In summary, this study revealed that not only the peptides, but also HLA sequences showed more similarities and concordant properties within the modules than between the modules. Modularity analysis of the HLA-peptide binding network is helpful to understand HLA-peptide binding interactions that, in turn, could facilitate understanding of HLAs related ADRs.

Validations for Nebula

To evaluate the performance of Nebula, LOO validations were conducted in which each of the 118,959 HLA-peptide binding data was left out for prediction by the network constructed from the rest of the 118,958 binding data points. The results were plotted as a ROC curve shown in Figure 5a. AUC was calculated to be 0.868. The sensitivity, specificity and accuracy are 70.8%, 88.7% and 81.6%, respectively.

Figure 5
figure 5

HLA-peptide binding prediction performance. The comparison of ROC curves of leave-one-out validations were plotted for Nebula (a) and NBI (b). The sensitivity, specificity, accuracy and AUC values were plotted for the 100 iterations of two-fold cross-validations (c).

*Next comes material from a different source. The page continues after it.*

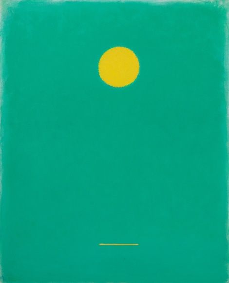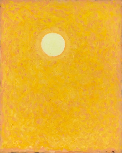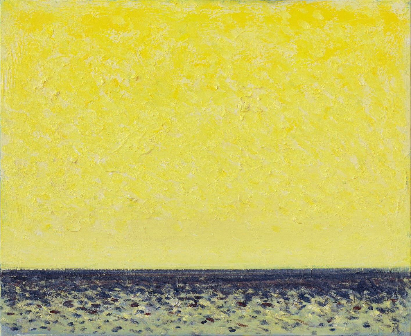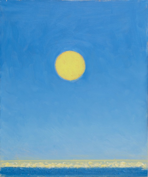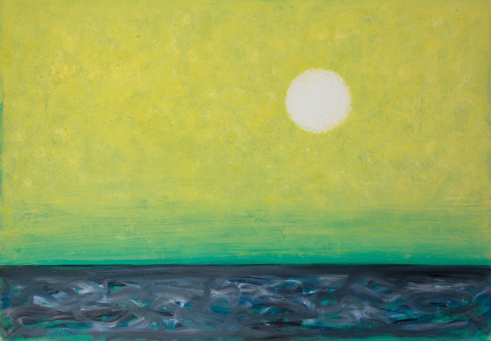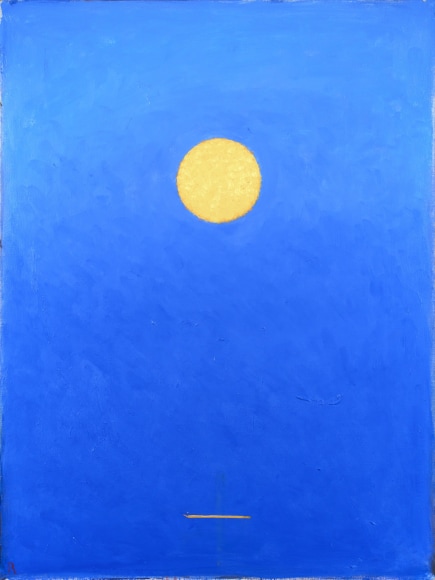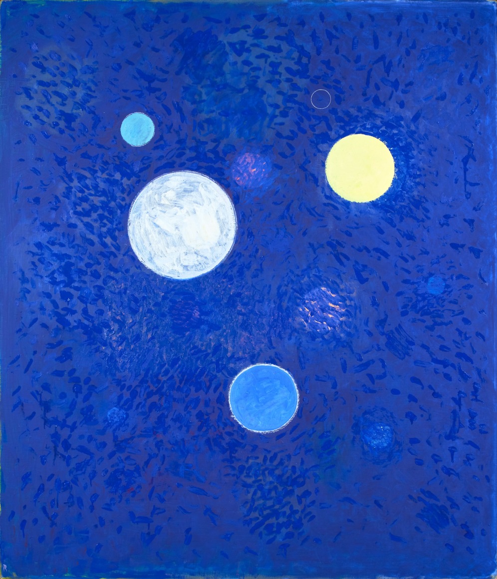 This exhibition will be comprised of eight recent paintings finished over the last year. The compositions in these works continue to build-on, or rather remove-from, the artist’s “End of Day” series, which depicted pared-down sunsets over the ocean horizon. This series is even more minimal. The canvases are predominantly empty, painted in single hues ranging from terra-cotta to cerulean to goldenrod and executed in passes of rhythmic brushwork. Sometimes there is a single circle, signifying the moon, sometimes not. A few canvases also delineate the horizon with a single, abbreviated line. One painting, Cobalt Galaxy, is the largest in the show and measures 75 x 65 inches; it features many orbs and circles and calls to mind the artist’s “Ponds” series from 2010.

As a comparison, the performance of NBI for predicting HLA-peptide binding in the same dataset was evaluated using the same LOO validations. The results were given in Figure 5b, with a lower AUC of 0.799. The sensitivity, specificity and accuracy are 33.2%, 94.4% and 68.1%, respectively. The results indicated that Nebula generally outperformed NBI and holds a promising application in analyzing big and sparse datasets such the HLA-peptide binding dataset used in this study.

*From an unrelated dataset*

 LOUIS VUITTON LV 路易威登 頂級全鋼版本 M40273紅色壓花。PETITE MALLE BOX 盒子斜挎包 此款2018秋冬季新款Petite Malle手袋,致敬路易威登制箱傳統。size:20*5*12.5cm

In order to reduce the potential over-fitting from the LOO validations, we conducted 100 iterations of two-fold cross-validations for Nebula. The results were shown in Figure 5c. The sensitivity, specificity, accuracy and AUC values are 69.2% ± 0.2%, 86.3% ± 0.2%, 79.5% ± 0.1% and 0.830 ± 0.001, respectively, slight lower than the LOO validations as expected, indicating over-fitting is not a big concern for Nebula.

Machine learning methods such as artificial neuron network (ANN) [37] and support vector machine (SVM) [38] were used for HLA-peptide binding predictions. However, most conventional machine learning methods have been applied for a limited number of HLAs and peptides of specific lengths because they require a large enough amount of data to train a reliable prediction model. Moreover, the independent variables used in most reported HLA-peptide binding prediction models were derived from peptides with a fixed length unless an extra process [39] was implemented to process peptides with different lengths. As demonstrated by the results, Nebula not only achieved good prediction accuracy, but also does not require a large amount of experimental data for an HLA allele or a fixed length for peptides.

Conclusions

We identified nine modules in the HLA-peptide binding network using the fast greedy modularity optimization algorithm. The modules showed distinct distributions and properties for both peptides and HLAs across the modules, indicating network analysis is a promising approach to understand structures and characteristics of big and sparse data. We developed Nebula for prediction based on network analysis and used HLA-peptide binding dataset as a case study to demonstrate it is reliable and practicable for big data analysis. Our results suggest that the network analysis methods such as Nebula are applicable and effective to interpret and predict large and sparse datasets such as the HLA-peptide binding dataset used in this study. We showed such methods could accurately predict HLA-peptide binding that, in turn, could improve predictions of HLA related ADRs to better implement precision medicine.

Disclaimer

The findings and conclusions in this article have not been formally disseminated by the US Food and Drug Administration (FDA) and should not be construed to represent the FDA determination or policy.